Within 14 days of the date of this Entry, the parties shall file a joint notice informing the Court whether they still believe that a three-day jury trial in October 2019 is appropriate.
SO ORDERED: 6/7/2019
Copies to all counsel of record via electronic notification
Notes
[1] Much of the Background section is taken from the Court’s Entry on Motion for Preliminary Injunction (Dkt. No. 68).
[2] The “Dear Colleague” letter was rescinded by the Department of Justice and the Department of Education on February 22, 2017. J.A.W. does not assert it as a basis of his claim.
[3] J.A.W. has submitted the Declaration of James D. Fortenberry, M.D., M.S., the director and founder of the Gender Health Program at Riley Children’s Health in Indianapolis, who explains that the standards of care for gender dysphoria “recognize . . . that the principal treatment of gender dysphoria is to allow the person full expression of his or her gender identity.” Dkt. 50-6 at 6. This involves both “social role transition,” a process in which “a person presents themselves in a manner consistent with their experienced gender, which includes name, dress, hair style, and other aspects of gender presentation,” as well as hormone therapy to “initiate[] the physiologic changes in body contour and appearance to match the experienced gender.” Id. at 7. The ability to use public restrooms consistent with one’s gender identity “is a prime component of gender affirmation.” Id.

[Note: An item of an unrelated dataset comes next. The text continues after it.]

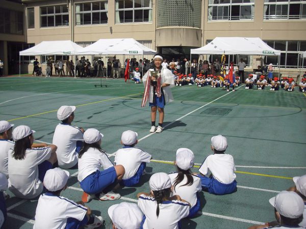 5,6年生が出場する時は、4年生の即席応援団が出来上がります! 見よう見まねで覚えた拍子で、熱のこもったエールを送りました!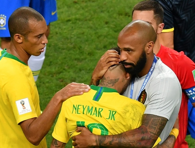 [ẢNH] Neymar nức nở gục vào vai "đối thủ" Thierry Henry sau khi bị loại

[4] EVSC’s superintendent, Dr. David Smith, testified at the preliminary injunction hearing that if J.A.W. had used a boys’ restroom at school, he would have been subject to discipline for “defiance.” Dkt. No. 61 at 37.
[5] There is no dispute that EVSC is a covered institution under Title IX because it receives federal funds.
[6] In relevant part, Dr. Smith testified as follows: Q: So when you’re telling us that you have a practice that’s never been used before of allowing transgender students who get a change in their birth certificate to use the bathroom of
[8] While EVSC notes that certiorari was pending in Whitaker until March 5, 2018, that is irrelevant, as no stay of the Seventh Circuit’s mandate was issued.